▶ _EXERCISE DIRECTIONS_:
From the listing below, copy only the lines running from the line that contains "Inspired by the" to the line that contains "Musikalisch bietet das", both included.

--- EXCERPTED DATA ---

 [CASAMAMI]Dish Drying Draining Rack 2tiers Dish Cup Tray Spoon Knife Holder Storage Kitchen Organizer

---
--- EXCERPTED DATA ---

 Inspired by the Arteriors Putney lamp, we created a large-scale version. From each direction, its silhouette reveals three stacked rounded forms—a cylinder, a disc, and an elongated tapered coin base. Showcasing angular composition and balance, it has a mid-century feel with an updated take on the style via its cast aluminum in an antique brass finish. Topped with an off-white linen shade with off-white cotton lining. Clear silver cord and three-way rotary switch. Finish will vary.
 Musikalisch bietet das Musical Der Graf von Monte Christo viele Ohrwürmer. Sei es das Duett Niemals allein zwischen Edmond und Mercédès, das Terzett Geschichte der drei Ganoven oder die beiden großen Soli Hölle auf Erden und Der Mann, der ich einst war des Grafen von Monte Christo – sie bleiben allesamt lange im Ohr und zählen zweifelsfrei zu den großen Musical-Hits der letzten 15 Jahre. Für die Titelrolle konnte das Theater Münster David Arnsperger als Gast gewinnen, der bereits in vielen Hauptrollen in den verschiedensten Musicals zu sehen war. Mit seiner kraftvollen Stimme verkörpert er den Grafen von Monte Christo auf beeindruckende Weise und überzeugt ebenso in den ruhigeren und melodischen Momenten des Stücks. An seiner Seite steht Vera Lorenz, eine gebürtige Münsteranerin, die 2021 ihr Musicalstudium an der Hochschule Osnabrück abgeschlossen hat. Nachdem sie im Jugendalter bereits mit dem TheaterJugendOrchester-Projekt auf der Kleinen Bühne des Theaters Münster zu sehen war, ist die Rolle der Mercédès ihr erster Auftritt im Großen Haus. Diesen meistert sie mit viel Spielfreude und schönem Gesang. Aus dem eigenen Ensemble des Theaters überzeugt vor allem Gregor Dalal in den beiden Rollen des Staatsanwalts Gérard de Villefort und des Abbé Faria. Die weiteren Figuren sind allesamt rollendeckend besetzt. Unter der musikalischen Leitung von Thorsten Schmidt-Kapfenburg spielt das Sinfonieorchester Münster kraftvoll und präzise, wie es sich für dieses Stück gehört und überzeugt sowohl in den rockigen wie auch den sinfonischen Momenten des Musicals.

---
--- EXCERPTED DATA ---

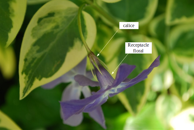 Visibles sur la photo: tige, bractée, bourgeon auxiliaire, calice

---

▶ _COMPLETED TASK_:
 Inspired by the Arteriors Putney lamp, we created a large-scale version. From each direction, its silhouette reveals three stacked rounded forms—a cylinder, a disc, and an elongated tapered coin base. Showcasing angular composition and balance, it has a mid-century feel with an updated take on the style via its cast aluminum in an antique brass finish. Topped with an off-white linen shade with off-white cotton lining. Clear silver cord and three-way rotary switch. Finish will vary.
 Musikalisch bietet das Musical Der Graf von Monte Christo viele Ohrwürmer. Sei es das Duett Niemals allein zwischen Edmond und Mercédès, das Terzett Geschichte der drei Ganoven oder die beiden großen Soli Hölle auf Erden und Der Mann, der ich einst war des Grafen von Monte Christo – sie bleiben allesamt lange im Ohr und zählen zweifelsfrei zu den großen Musical-Hits der letzten 15 Jahre. Für die Titelrolle konnte das Theater Münster David Arnsperger als Gast gewinnen, der bereits in vielen Hauptrollen in den verschiedensten Musicals zu sehen war. Mit seiner kraftvollen Stimme verkörpert er den Grafen von Monte Christo auf beeindruckende Weise und überzeugt ebenso in den ruhigeren und melodischen Momenten des Stücks. An seiner Seite steht Vera Lorenz, eine gebürtige Münsteranerin, die 2021 ihr Musicalstudium an der Hochschule Osnabrück abgeschlossen hat. Nachdem sie im Jugendalter bereits mit dem TheaterJugendOrchester-Projekt auf der Kleinen Bühne des Theaters Münster zu sehen war, ist die Rolle der Mercédès ihr erster Auftritt im Großen Haus. Diesen meistert sie mit viel Spielfreude und schönem Gesang. Aus dem eigenen Ensemble des Theaters überzeugt vor allem Gregor Dalal in den beiden Rollen des Staatsanwalts Gérard de Villefort und des Abbé Faria. Die weiteren Figuren sind allesamt rollendeckend besetzt. Unter der musikalischen Leitung von Thorsten Schmidt-Kapfenburg spielt das Sinfonieorchester Münster kraftvoll und präzise, wie es sich für dieses Stück gehört und überzeugt sowohl in den rockigen wie auch den sinfonischen Momenten des Musicals.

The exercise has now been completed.